**Task**
Copy exactly the lines that run from the top of the listing to the line containing "Nowoczesny nawilżacz powietrza", both ends included, and omit the pictures.

*** Opening of Data supplied ***

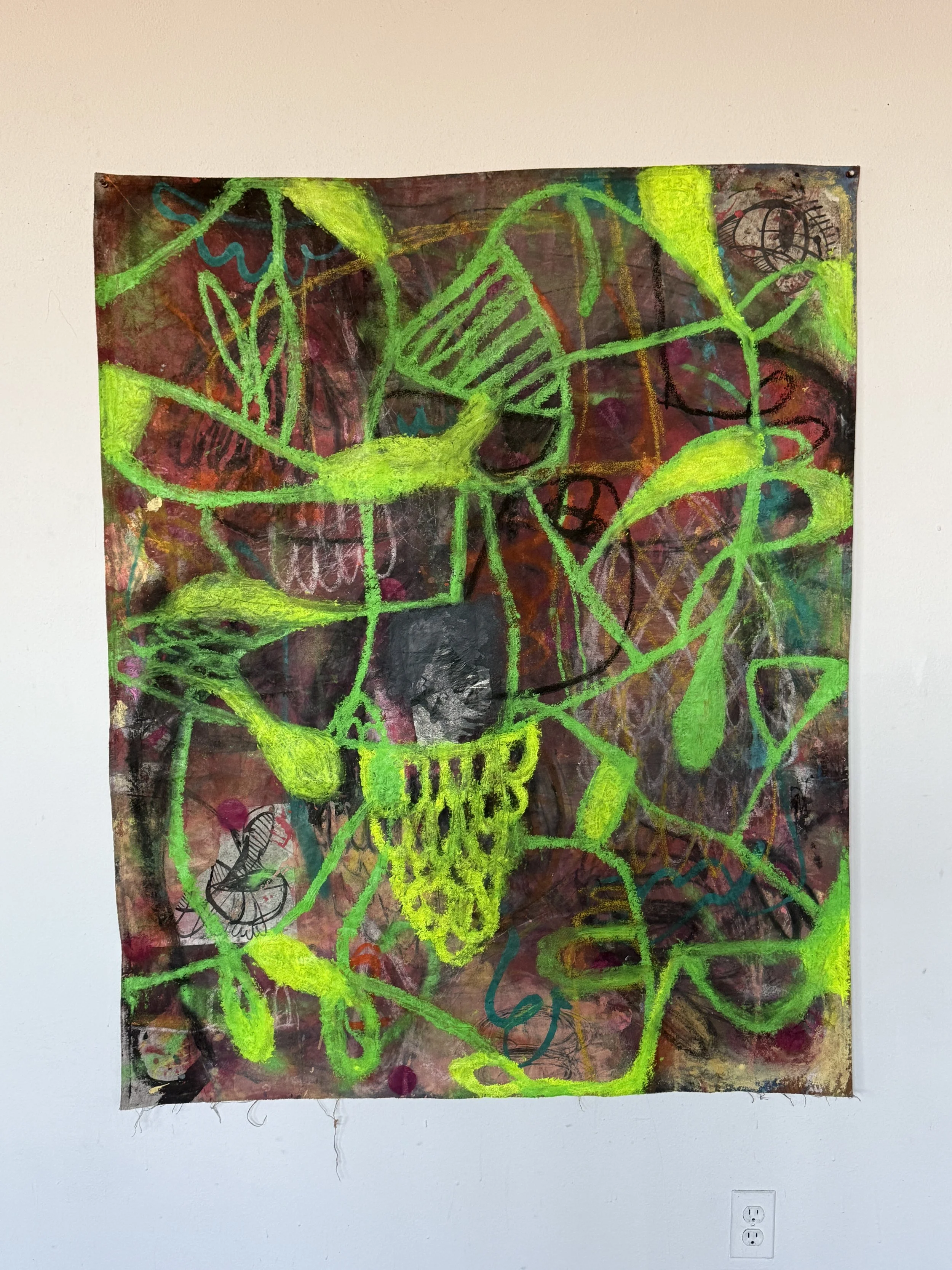 Medium: /// Collage, house paint, spray paint, oil paint-stick and charcoal on raw-canvas.
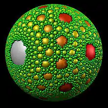 - Тривимірний еквівалент сітки Аполлонія - Аполлонієве пакування сфер.
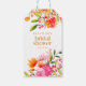 Diese farbenfrohen Geschenkanhänger haben ein leuchtend rosa-orange Wasserfarbe-Blumendesign, das für eine Brautparty personalisiert wurde.
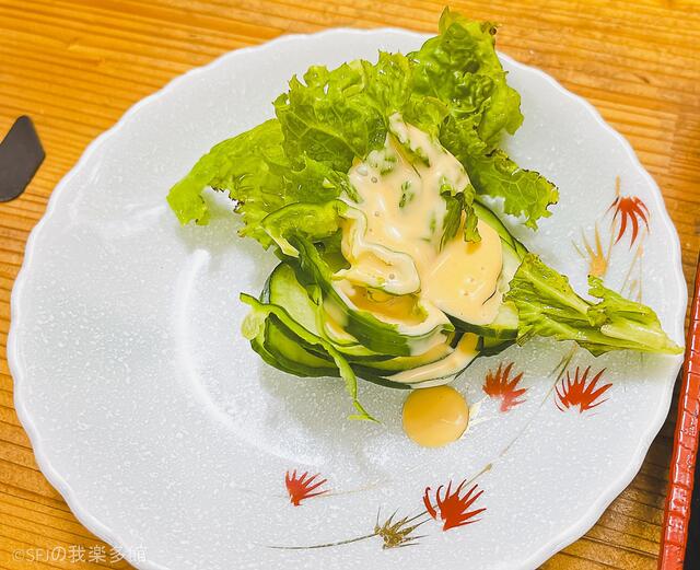 ちょっと時間が掛かるということで、無料の野菜サラダを頂き、待ちます
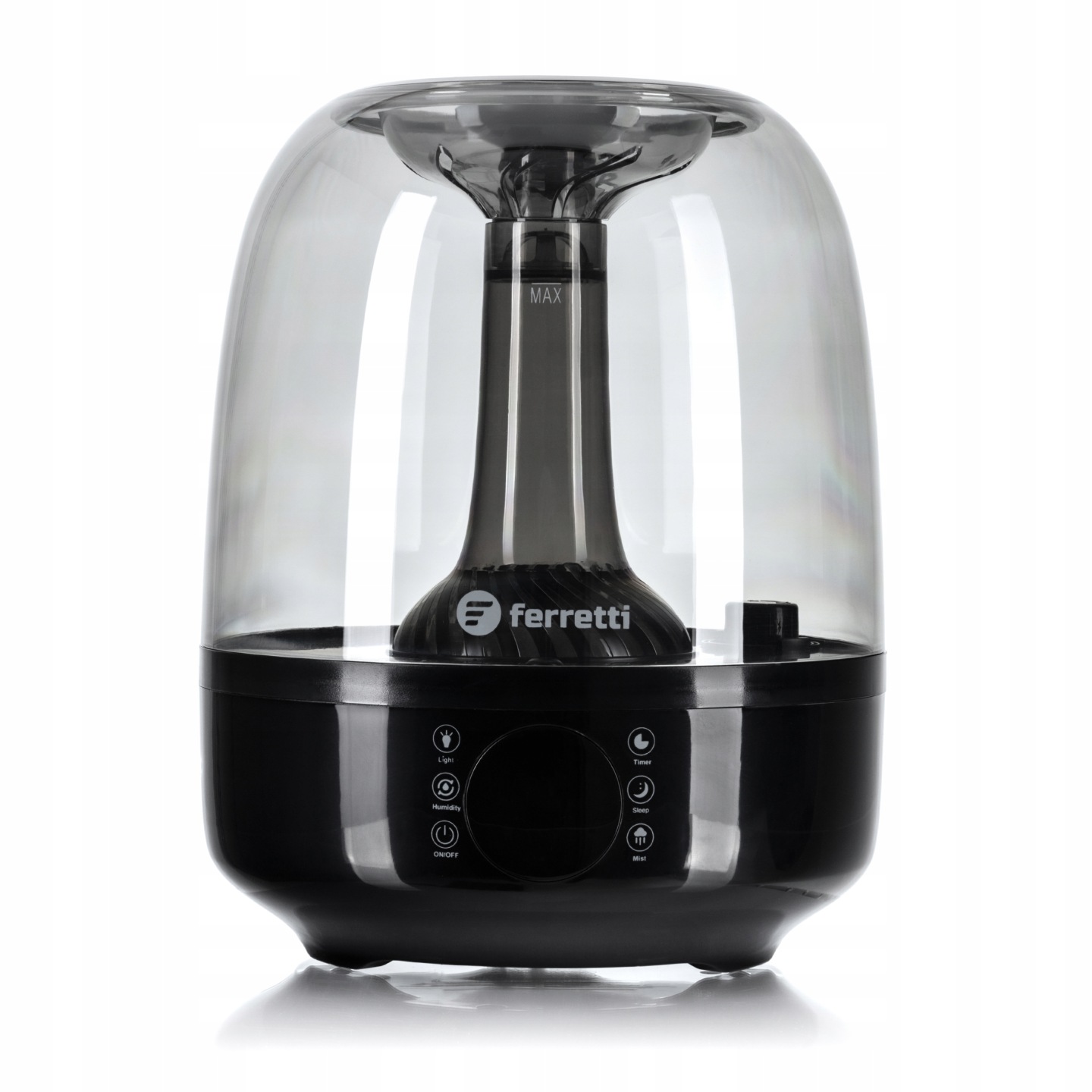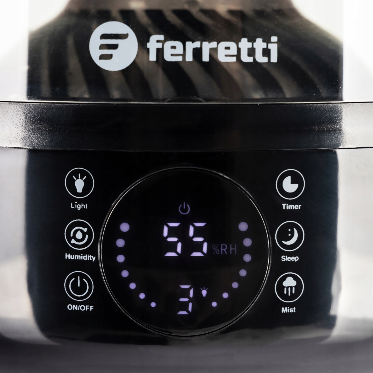 Nowoczesny nawilżacz powietrza z wyświetlaczem LCD i aromaterapią.
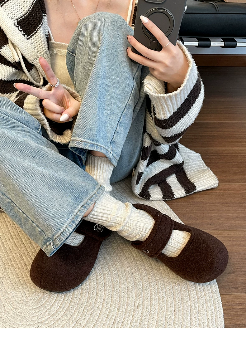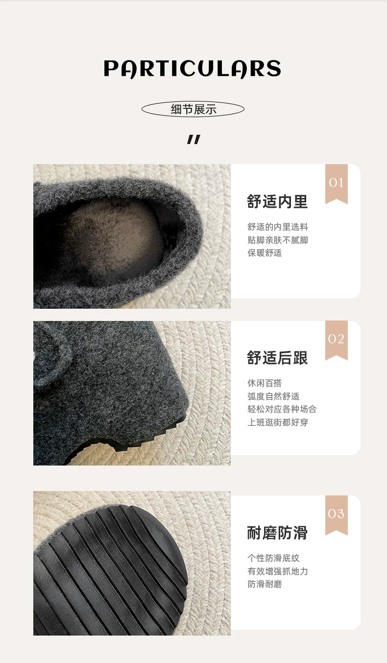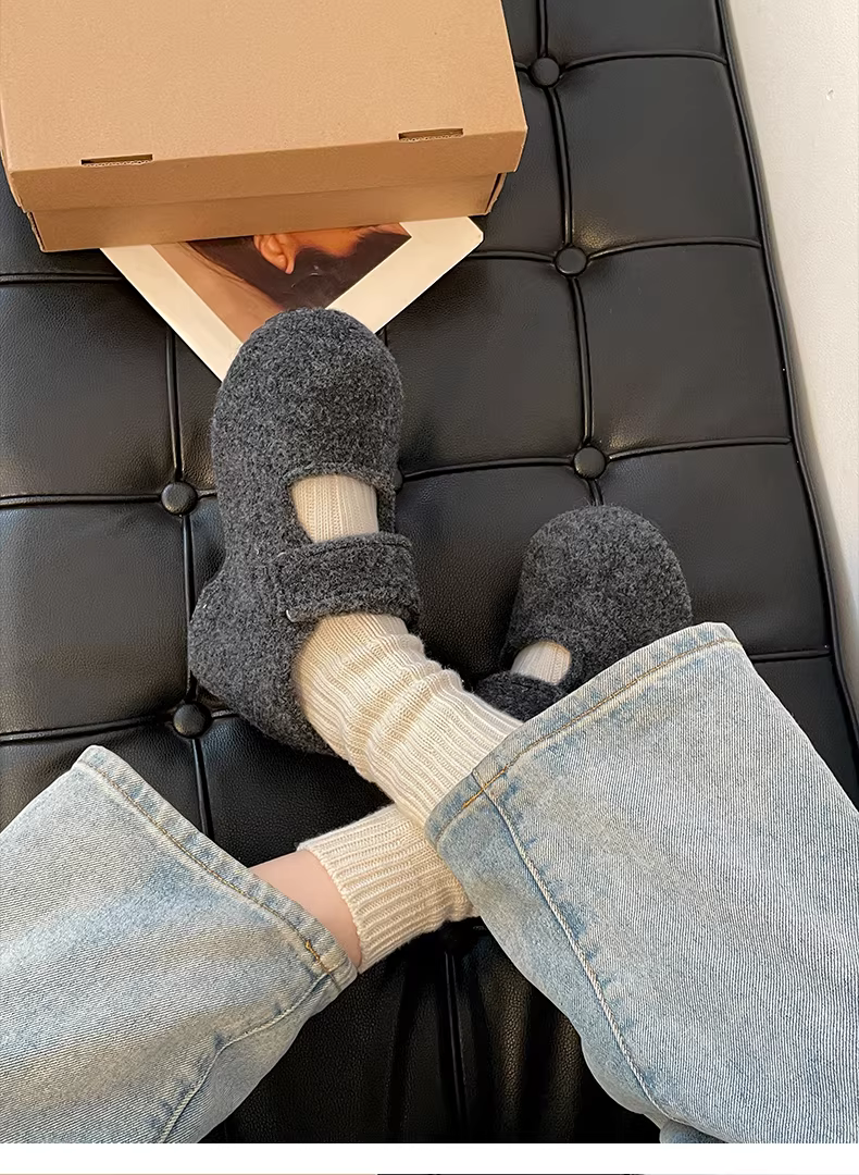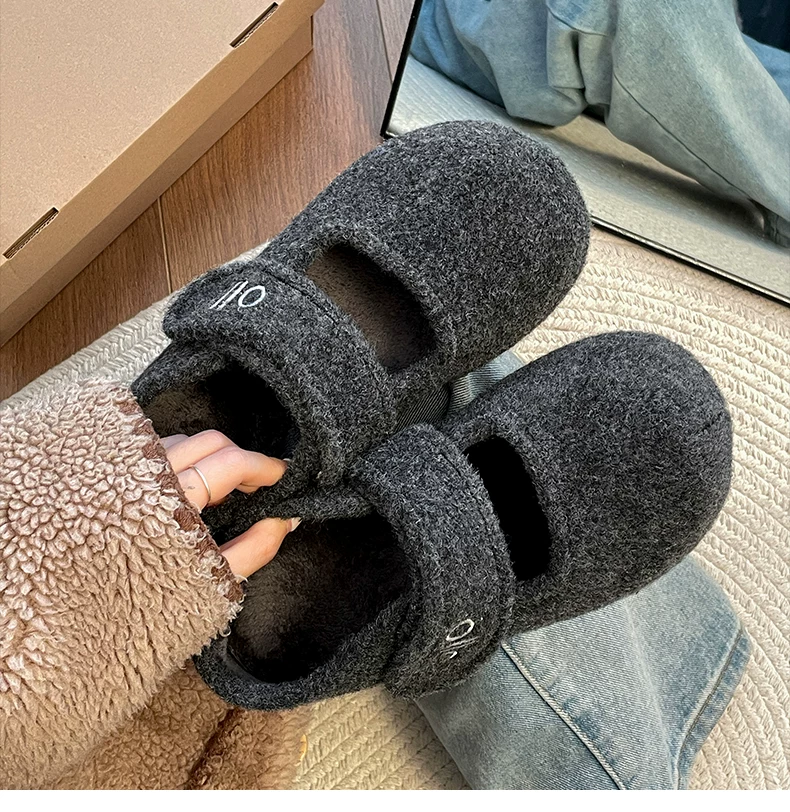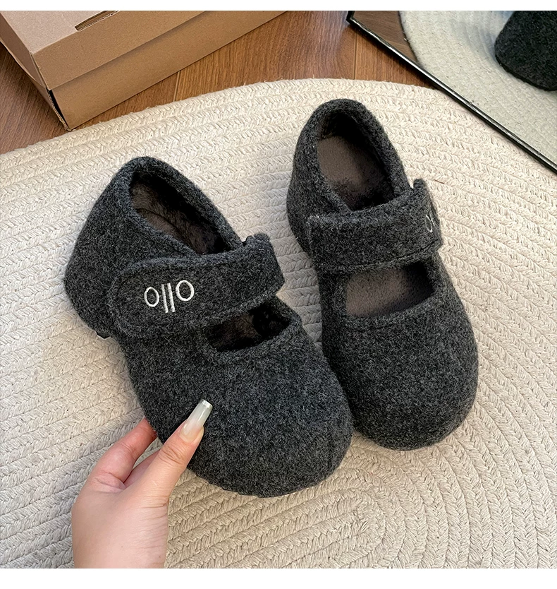 Giày Mary Jane đế dày tăng chiều cao kiểu cổ điển lót lông cừu dành cho nữ, áo khoác ngoài mùa đông, kiểu mới 2025, giày cotton ấm màu xám.
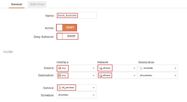 add IPPolicy SourceInterface=any SourceNetwork=all-nets DestinationInterface=any DestinationNetwork=all-nets Name=block_Australia Service=all_services Action=Deny SourceGeoFilter=Australia Index=1
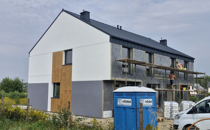- elewacja budynku w technologii lekkiej-mokrej, w części nadziemnej ściany ocieplone styropianem, w części podziemnej i przyziemiu styrodurem
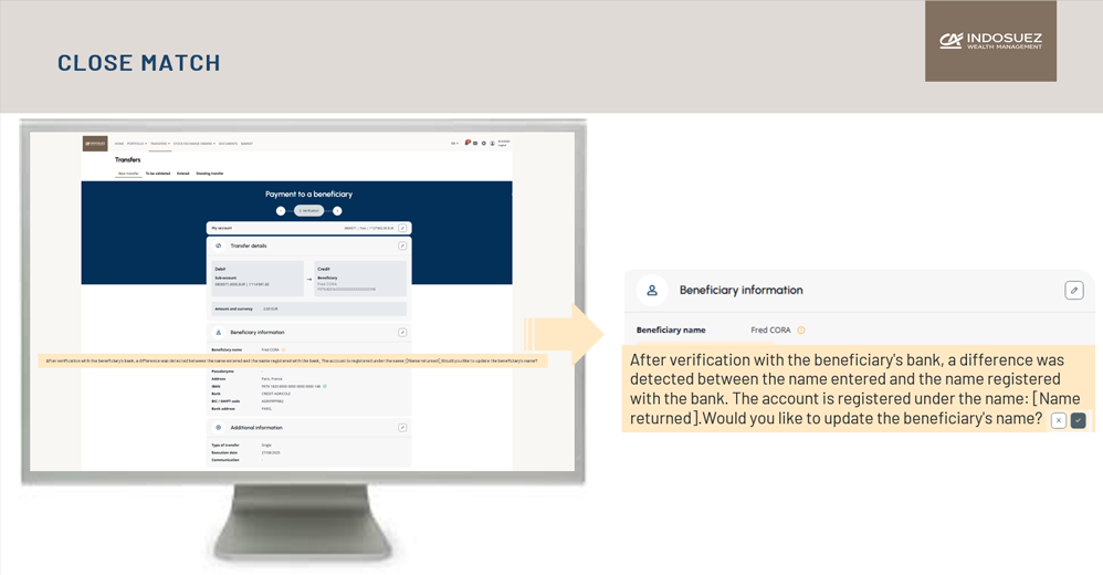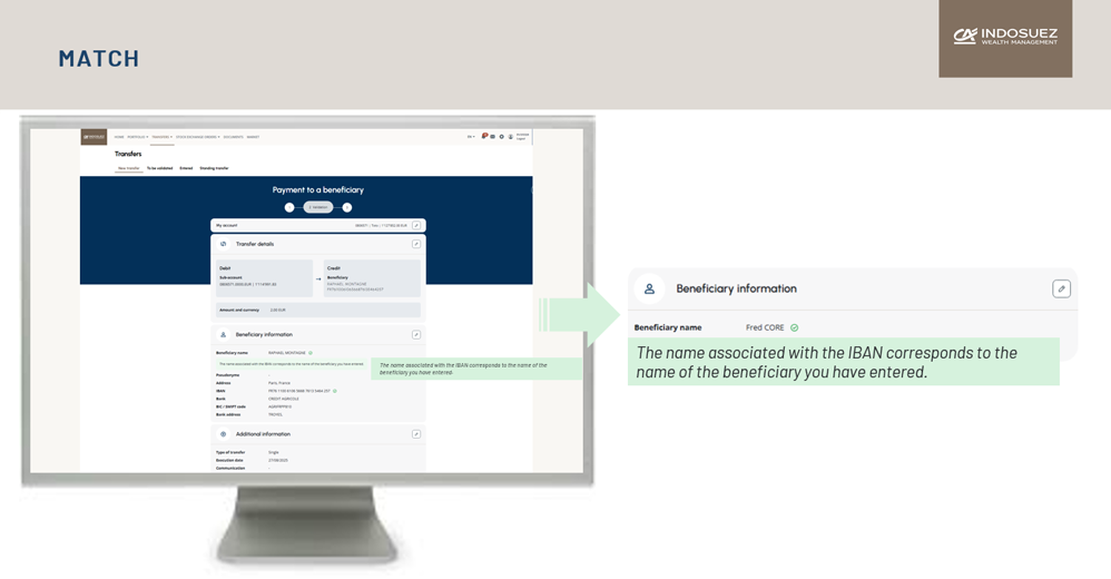 Before approving a transfer, the system checks that the name, first name or company name of the beneficiary entered corresponds to the bank account (IBAN) entered.
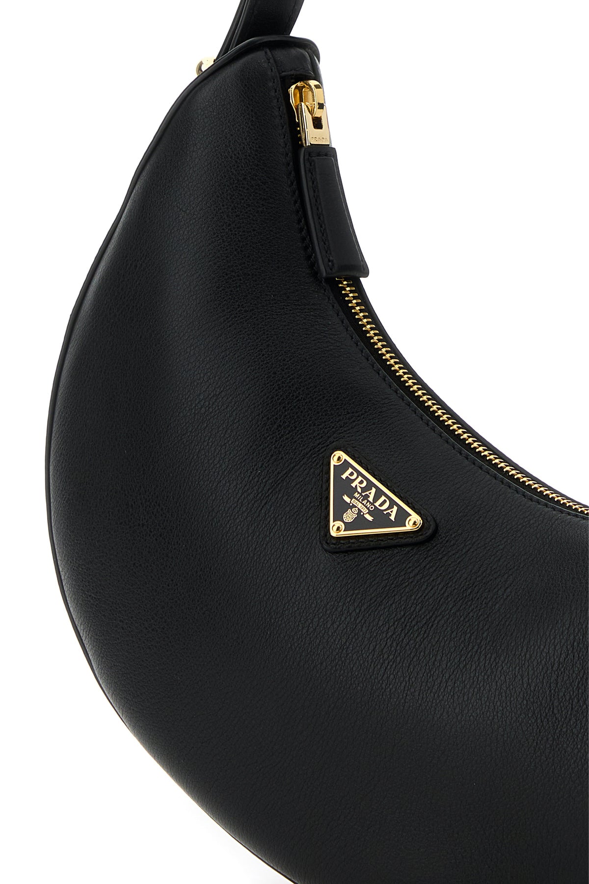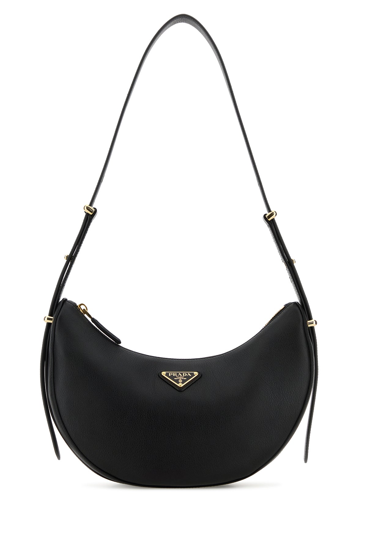 Borsa a spalla realizzata in pelle martellata arricchita da iconico triangolo metallico logato sulla parte frontale.
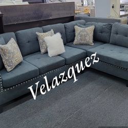 ✅️"2 pc Grey color like velvet fabric sectional sofa with chaise and nail head trim"✅️$272Montebello, CA
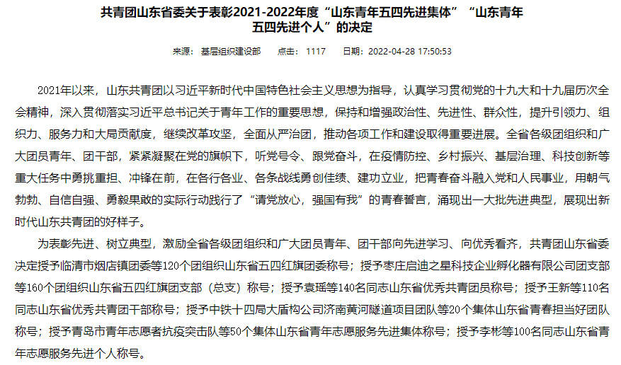 近日,共青团山东省委公布了《共青团山东省委关于表彰2021-2022年度“山东青年五四先进集体”“山东青年五四先进个人”的决定》 ,澳门十大信誉网赌大全团委被授予“山东省五四红旗团委”荣誉称号,这是山东省共青团授予基层团组织的最高荣誉,是推进共青团改革向纵深、向基层延伸的重要载体。
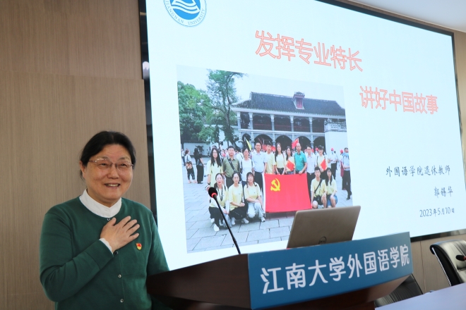 近年内发挥专业所长进行文化交流、讲好中国故事的实例。接着,又针对外语类专业适应社会发展的需要指明新文科背景下外语专业发展方向,提出抓专业质量的要求:一、优化专业结构;二、抓好质量标准;三、具备国际视野。郭老师鼓励学员们要树立远大理想,担当时代责任,与时俱进,锤炼自身能力,让青春在不断奉献中焕发光彩。
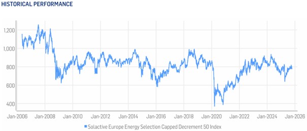 Il comprend les plus grandes sociétés énergétiques cotées en Europe, et applique un plafonnement de la pondération individuelle de chaque composant pour assurer une diversification équilibrée. De plus, l’indice utilise une méthode dite « decrement », qui simule un rendement net de dividende en le déduisant de la valeur de l’indice. L’indice est ajusté d’un dividende synthétique fixe de 50 points de base par an.
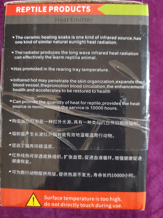 . Can provide the quantity of heat for reptile,provides the heat source is nonluminous,the service is 10000 hours.
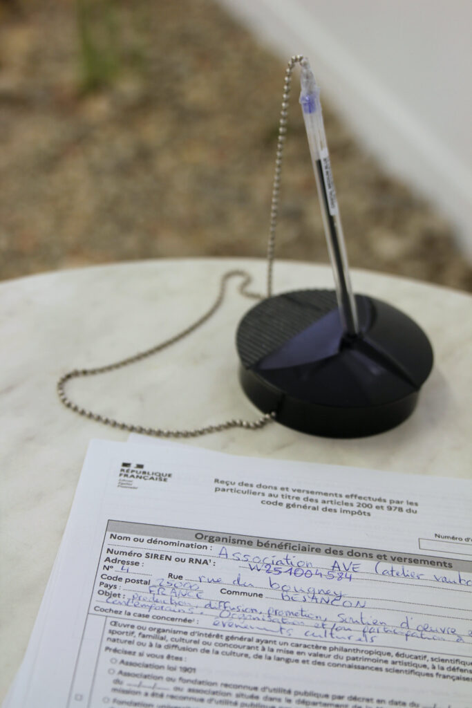 « Jacuzzi à vendre est une exposition collective, restitution d’une résidence de 5 jours qui avait pour ambition de réfléchir à la condition de l’artiste dans son écosystème, des financeur.euse.s aux spectateur.ice.s, de la friche militaro-immobilière de l’atelier à la fiche d’imposition des collectionneur.euse.s. » Texte : Céline Notheaux

*** Close of Data supplied ***

**Reply**
 Medium: /// Collage, house paint, spray paint, oil paint-stick and charcoal on raw-canvas.
 - Тривимірний еквівалент сітки Аполлонія - Аполлонієве пакування сфер.
 Diese farbenfrohen Geschenkanhänger haben ein leuchtend rosa-orange Wasserfarbe-Blumendesign, das für eine Brautparty personalisiert wurde.
 ちょっと時間が掛かるということで、無料の野菜サラダを頂き、待ちます
 Nowoczesny nawilżacz powietrza z wyświetlaczem LCD i aromaterapią.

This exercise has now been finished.